– Да, слышала эту историю. Забавно. А я вот в последнее время вспоминаю наши с ней стычки.
– Я не был католиком и не умел танцевать. Сразу два недостатка.
– Ага. И все равно она за тебя вышла. Отличная история.
– Я парень целеустремленный.
– Это да.
– Записался в школу танцев Артура Мюррея и научился танцевать. И веру сменил. Мне, в общем, все равно было, оставаться адвентистом или нет.
– Службы посещаешь? Наверняка их проводят в зуме.
– Это матери твоей нужны были службы, моя милая. А я просто ходил с ней за компанию до тех пор, пока… ну ты понимаешь…
– Хорошо, что в нашем доме не было на каждом шагу распятий, статуэток святых и тому подобного.
– Да нет, твоя мать была не такая. И наш дом вполне нормально выглядел, ведь правда?
– Правда. Еще как нормально.
– Но твоя мать хотела, чтобы вы с братом посещали службы. Бессмертие моей души ее не очень-то заботило. О вас с Робби она беспокоилась гораздо больше.
– Мы с ней ругались по этому поводу. Да и по многим другим.
– У матерей с дочерьми бывают разногласия.
– Но я, по-моему, вела себя просто отвратительно. Жуткие говорила вещи.
– Вряд ли она принимала это близко к сердцу.
– Но ты ведь не знаешь наверняка.
– Мы не очень-то об этом говорили. Слишком уставали к вечеру. Работали как проклятые.
– Знаю, знаю. Вы много работали.
– Все время думаешь: поговорим об этом позже. Когда будет время.
– Я пыталась вернуться домой.
– Знаю. Но если уж застрял в аэропорту, ничего тут не сделаешь.
– И Робби тоже.
– Да, и он был в пути. Вы оба были в пути. Нам не сказали, что все так быстро произойдет. О таком бы надо говорить.
– Они и сами не знают, наверное. Нам точно говорили, по-моему. Что это трудно предсказать.
– Помнишь того молодого доктора? Грин – кажется, так его звали. Или Роуз. Цветная фамилия. Доктор Роуз, не помнишь?
– Гринблатт, кажется. Ладно, пап, утомила я тебя своими разговорами.
– Вовсе не утомила. Мне в радость с тобой поговорить.
– У тебя есть все, что нужно?
– У меня? Разумеется. Нина приносит продукты под дверь.
– И ты все дезинфицируешь.
– Заменить цветы на материнской могиле – вот чего бы мне хотелось.
– Все цветочные магазины закрыты.
– Ну хотя бы засохшие стебли выбросить. Не нравится мне, что у нее там ваза со стеблями.
– Я что-нибудь придумаю.
– Ты славная девочка. Вы оба с Робби славные ребята. Что от него слышно, кстати?
– Он все еще в Исландии.
– Это я понял.
– Слегка беспокоюсь за него.
– В Исландии вроде бы не опасно, насколько я знаю.

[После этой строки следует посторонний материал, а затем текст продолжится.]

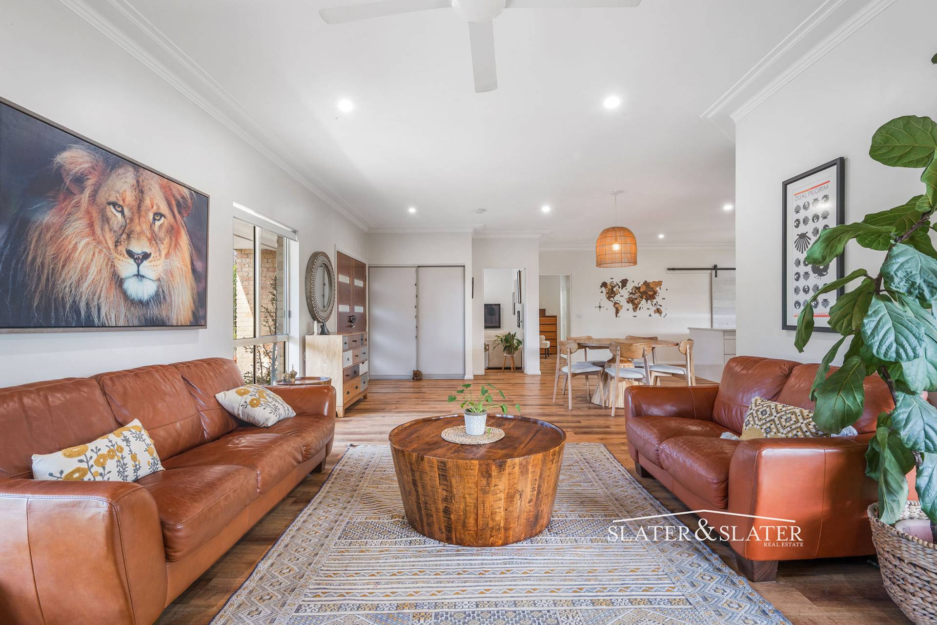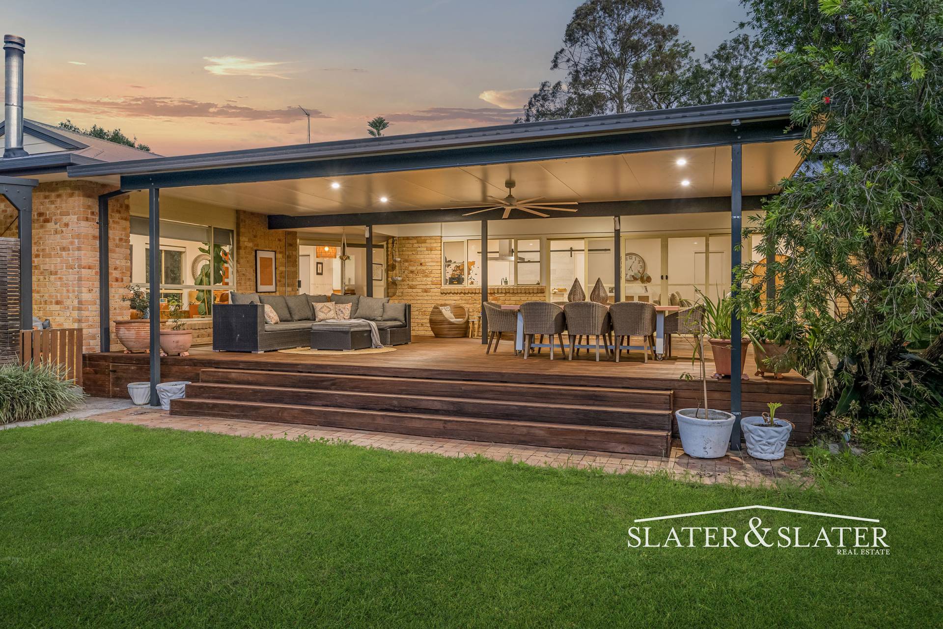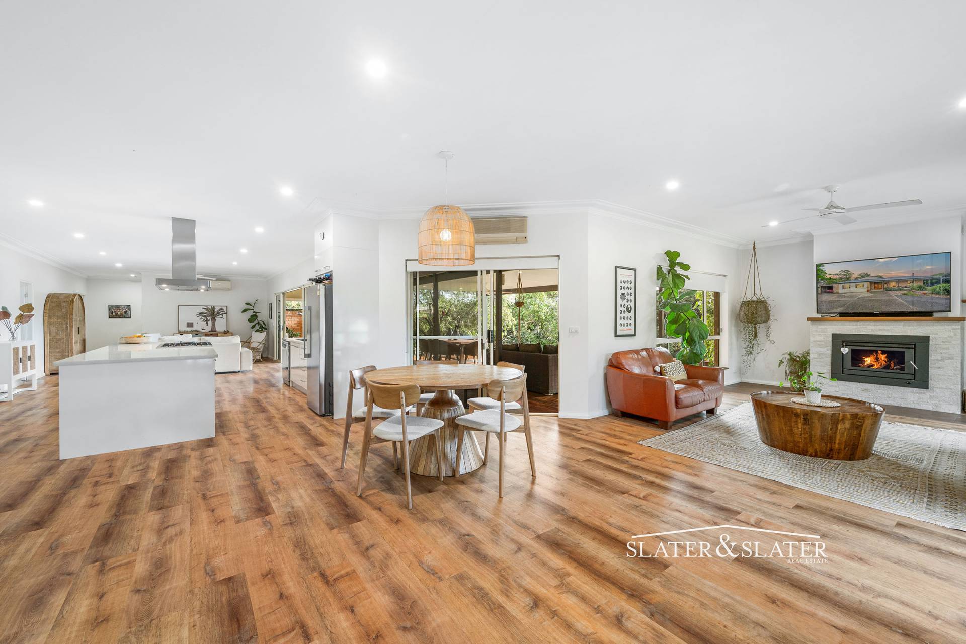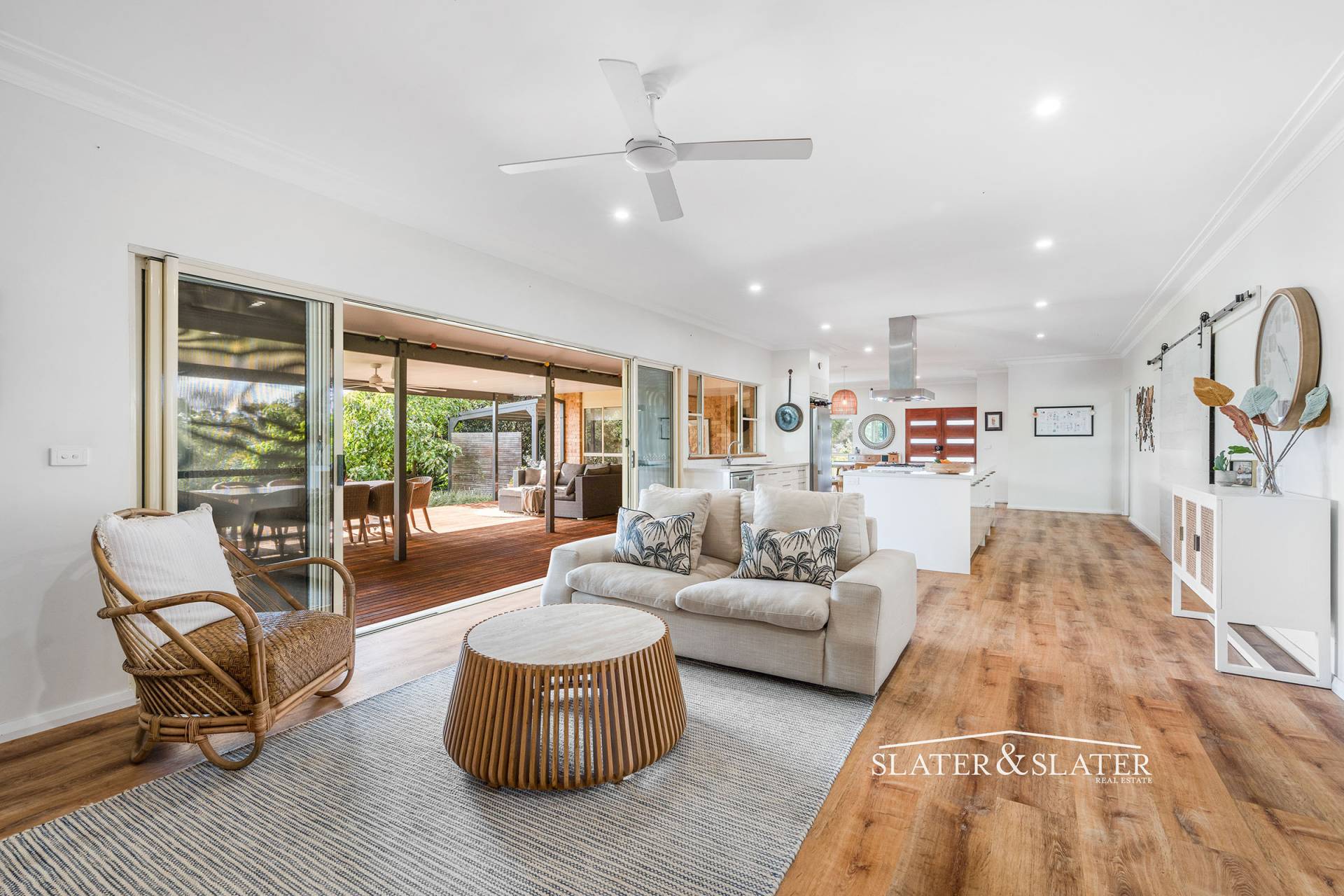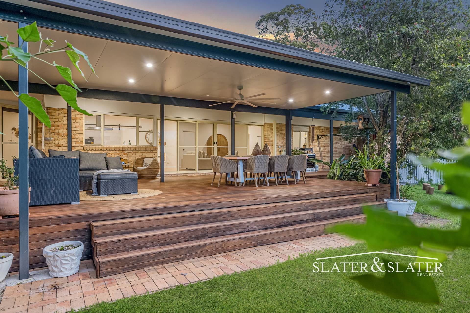 The home impresses with its substantial open plan design that flows out onto a substantial covered verandah that overlooks the private gardens.

– Сейчас, по-моему, везде опасно, тебе так не кажется?
– В Исландии, говорят, все вполне благополучно. Слежу за новостями, знаешь ли.
– Знаю.
– Исландия… Для нас поездка в Форт-Лодердейл летом была целым событием.
– Попробую попасть на кладбище и выбросить старые цветы.
– Был бы очень тебе благодарен. И твоя мама тоже.
– Чудно́. Я хочу взять назад кое-что из сказанного маме когда-то, а ты – избавиться от увядших цветов.
– Прости, не расслышал. Еще одна скорая проехала. От сирен оглохнуть можно.
– Да я все про маму.
– Она всегда говорила, что я сукин сын, протанцевавший путь к ее сердцу.
– А обо мне она говорила что-нибудь? Ну, перед самым концом. Прости, что донимаю этими вопросами.
– Ее напичкали лекарствами. Доктор Грин сказал, что так будет лучше.
– Да уж, лучше, чем мучиться от боли.
– Я был с ней. И Зара. И та милая медсестра, забыл имя.
– Лавиния. Ее звали Лавиния.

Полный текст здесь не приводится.